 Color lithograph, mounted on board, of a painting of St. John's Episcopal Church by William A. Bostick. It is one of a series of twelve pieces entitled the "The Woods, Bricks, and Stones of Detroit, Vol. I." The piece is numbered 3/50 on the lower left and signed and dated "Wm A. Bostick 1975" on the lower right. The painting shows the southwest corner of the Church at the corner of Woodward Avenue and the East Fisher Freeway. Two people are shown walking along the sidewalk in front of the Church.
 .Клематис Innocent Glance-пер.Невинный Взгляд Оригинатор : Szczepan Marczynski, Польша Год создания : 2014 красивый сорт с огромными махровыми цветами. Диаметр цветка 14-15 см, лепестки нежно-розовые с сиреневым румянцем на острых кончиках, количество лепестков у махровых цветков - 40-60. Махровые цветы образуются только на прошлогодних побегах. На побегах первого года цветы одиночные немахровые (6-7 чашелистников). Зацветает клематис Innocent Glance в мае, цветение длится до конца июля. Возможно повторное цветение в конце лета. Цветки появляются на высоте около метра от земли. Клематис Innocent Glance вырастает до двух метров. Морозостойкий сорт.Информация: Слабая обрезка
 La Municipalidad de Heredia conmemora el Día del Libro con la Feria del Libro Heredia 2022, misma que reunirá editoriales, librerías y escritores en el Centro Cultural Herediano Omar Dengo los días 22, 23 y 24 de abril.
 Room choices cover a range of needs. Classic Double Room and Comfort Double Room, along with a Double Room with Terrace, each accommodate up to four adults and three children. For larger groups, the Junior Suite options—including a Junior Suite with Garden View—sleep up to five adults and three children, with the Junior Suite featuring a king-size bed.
□ □ □ □ □
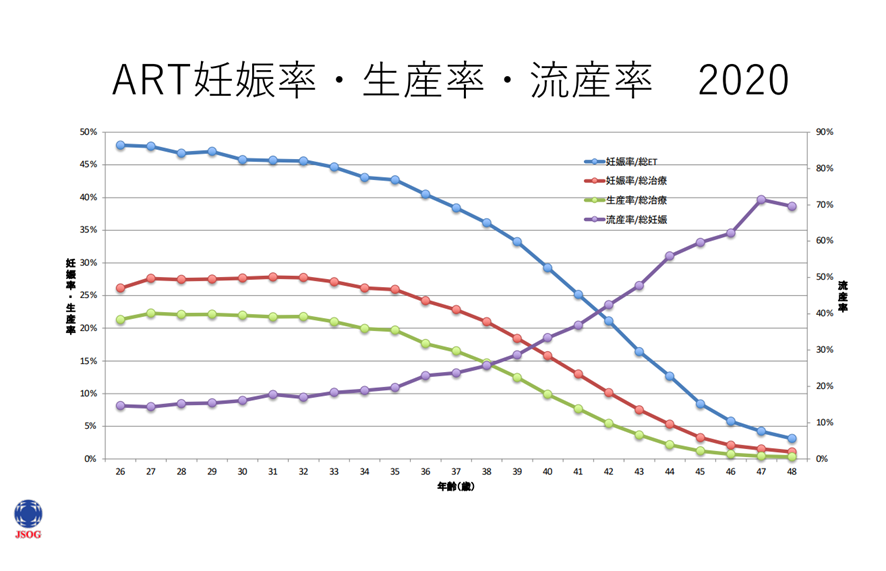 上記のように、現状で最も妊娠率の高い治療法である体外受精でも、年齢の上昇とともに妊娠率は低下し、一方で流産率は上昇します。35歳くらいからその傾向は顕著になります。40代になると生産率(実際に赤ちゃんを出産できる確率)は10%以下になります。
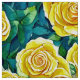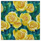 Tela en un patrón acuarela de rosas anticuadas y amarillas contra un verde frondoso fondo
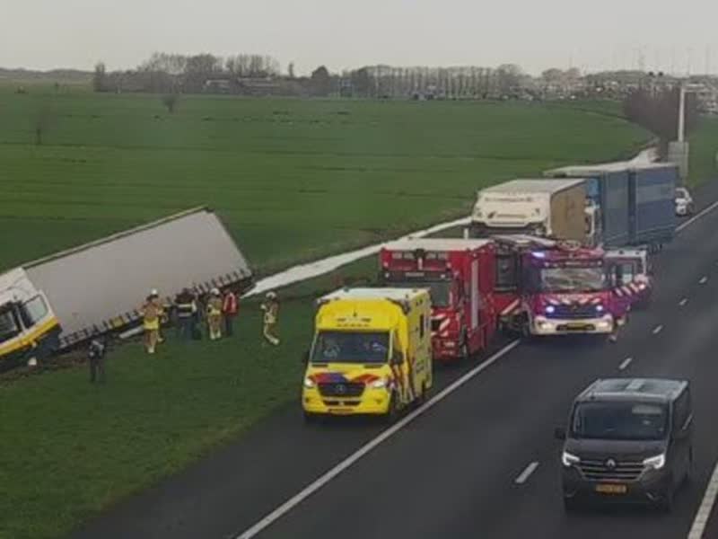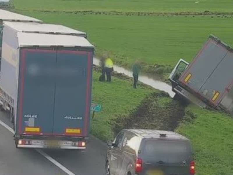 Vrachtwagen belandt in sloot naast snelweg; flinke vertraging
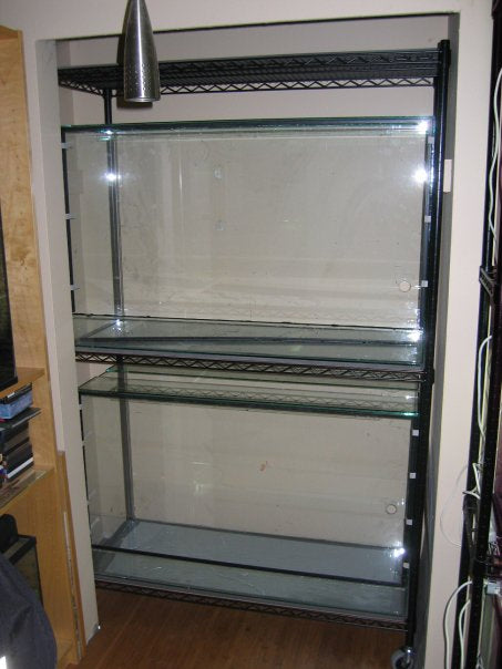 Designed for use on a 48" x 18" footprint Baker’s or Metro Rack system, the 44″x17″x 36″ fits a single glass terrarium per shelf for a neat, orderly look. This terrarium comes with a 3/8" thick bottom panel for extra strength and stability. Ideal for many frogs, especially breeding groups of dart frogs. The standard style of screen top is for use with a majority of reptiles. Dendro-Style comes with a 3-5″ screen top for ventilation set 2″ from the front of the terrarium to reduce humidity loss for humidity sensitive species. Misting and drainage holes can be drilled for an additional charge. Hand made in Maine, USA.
□ □ □ □ □
### WHAT THE EXERCISE ASKS
In the records above, find the line with "上記のように、現状で最も妊娠" and the line with "Vrachtwagen belandt in". Write out exactly those lines and every one between, with no pictures and no other lines.

### WRITTEN SOLUTION
 上記のように、現状で最も妊娠率の高い治療法である体外受精でも、年齢の上昇とともに妊娠率は低下し、一方で流産率は上昇します。35歳くらいからその傾向は顕著になります。40代になると生産率(実際に赤ちゃんを出産できる確率)は10%以下になります。
 Tela en un patrón acuarela de rosas anticuadas y amarillas contra un verde frondoso fondo
 Vrachtwagen belandt in sloot naast snelweg; flinke vertraging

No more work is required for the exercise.